First, bureaucrats are no less prone to poor judgment than politicians. As evidence, consider Siegal Sadetzki, part of the Netanyahu-led triumvirate that ran Israel’s initial response to the coronavirus. It’s unsurprising that Gur never mentioned Sadetzki even as he lauded the triumvirate’s third member, former Health Ministry Director General Moshe Bar Siman-Tov; she and her fellow Health Ministry staffers are a major reason why Israel still lacks a functional test-and-trace system.

Sadetzki, an epidemiologist, was the ministry’s director of public-health services and the only member of the triumvirate with professional expertise in epidemics (Bar Siman-Tov is an economist).

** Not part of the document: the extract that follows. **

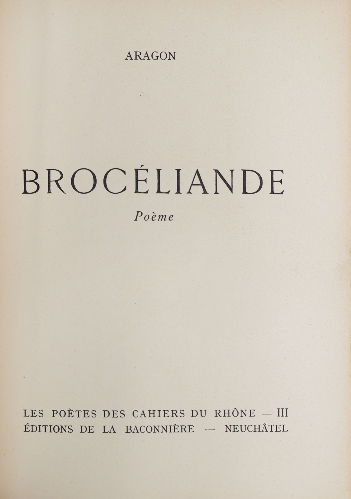 Brocéliande. Poème. [Series title:] Les poètes des Cahiers du Rhône III

As such, her input was crucial. Yet she adamantly opposed expanding virus testing, even publicly asserting that “Too much testing will increase complacence.” She opposed letting organizations outside the public-health system do lab work for coronavirus tests, even though the system was overwhelmed. She opposed sewage monitoring to track the spread of the virus. And on, and on.

Moreover, even after acknowledging that test-and-trace was necessary, ministry bureaucrats insisted for months that their ministry do the tracing despite its glaringly inadequate manpower. Only in August was the job finally given to the army, which does have the requisite personnel. And the system still isn’t fully operational.